Soccer’s governing rule-makers have drawn a hard new line: players who cover their mouths while confronting opponents now risk a red card.

The International Football Association Board approved the change, according to the news signal, giving referees a new tool to police behavior during heated exchanges. The measure will apply at this summer’s World Cup, a decision that pushes a small but highly visible gesture into the center of the sport’s biggest stage. Reports indicate officials want to curb confrontations that become harder to assess when players deliberately obscure what they say.

A gesture long seen as routine gamesmanship now carries the sport’s harshest in-game punishment.

The rule lands in a game already under intense scrutiny from cameras, microphones, and global audiences that dissect every flashpoint in real time. Covering the mouth has often signaled an attempt to shield remarks from lip-readers, broadcasters, or disciplinary review. By attaching the threat of dismissal to that act during a confrontation, IFAB appears to be telling players that secrecy in the middle of conflict will no longer pass as harmless habit.

Key Facts

  • The International Football Association Board approved the rule change.
  • Players can be shown a red card for covering their mouths while confronting an opponent.
  • The measure will be in force at this summer’s World Cup.
  • The change targets conduct during on-field confrontations.
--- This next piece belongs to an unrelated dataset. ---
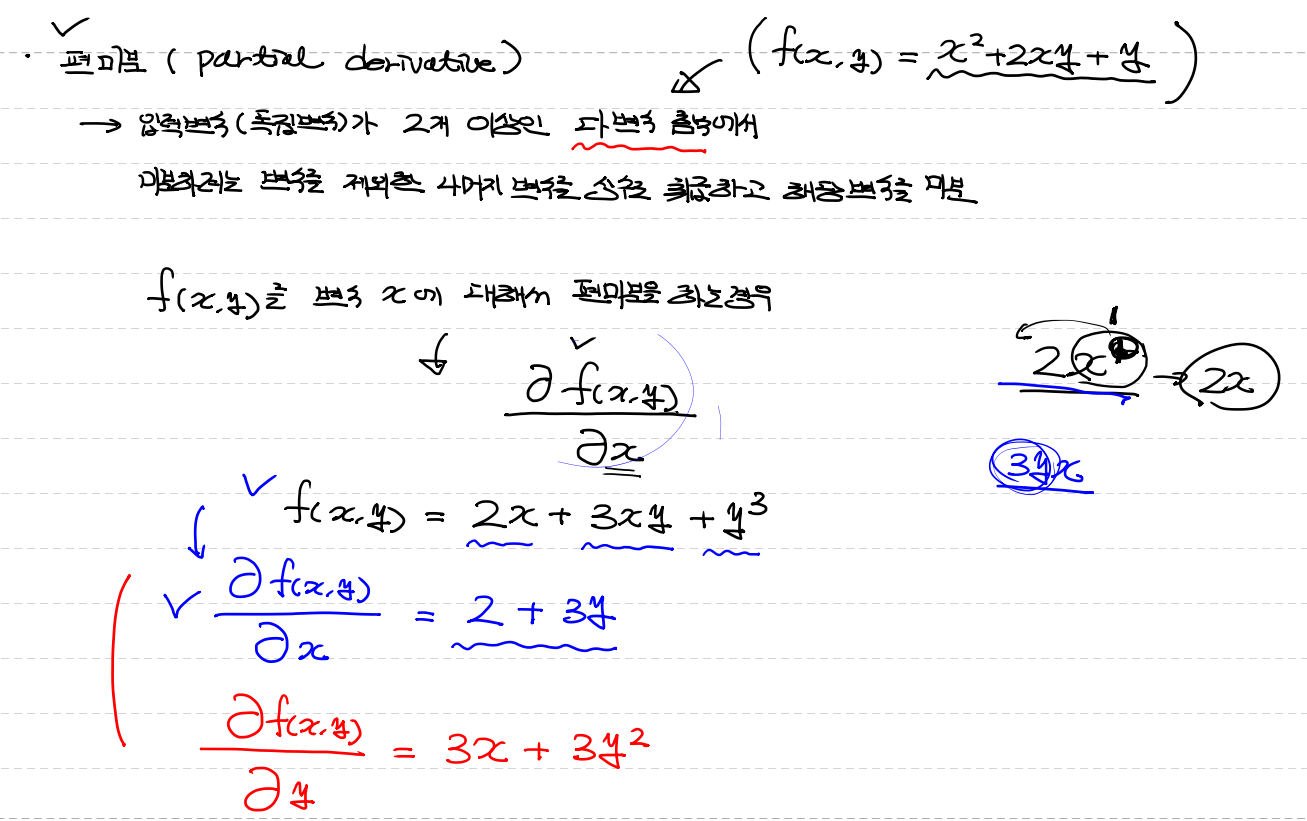 :입력변수가 2개 이상인 다변수 함수에서 미분하려는 변수를 제외한 나머지 변수를

The real test will come when referees start applying the rule under pressure. Players, coaches, and fans will watch closely for how officials define a confrontation and whether enforcement stays consistent across high-stakes matches. What happens next matters beyond one gesture: it will show how far soccer’s authorities will go to make player conduct more transparent in an era when every moment can shape a match, a tournament, and the sport’s public image.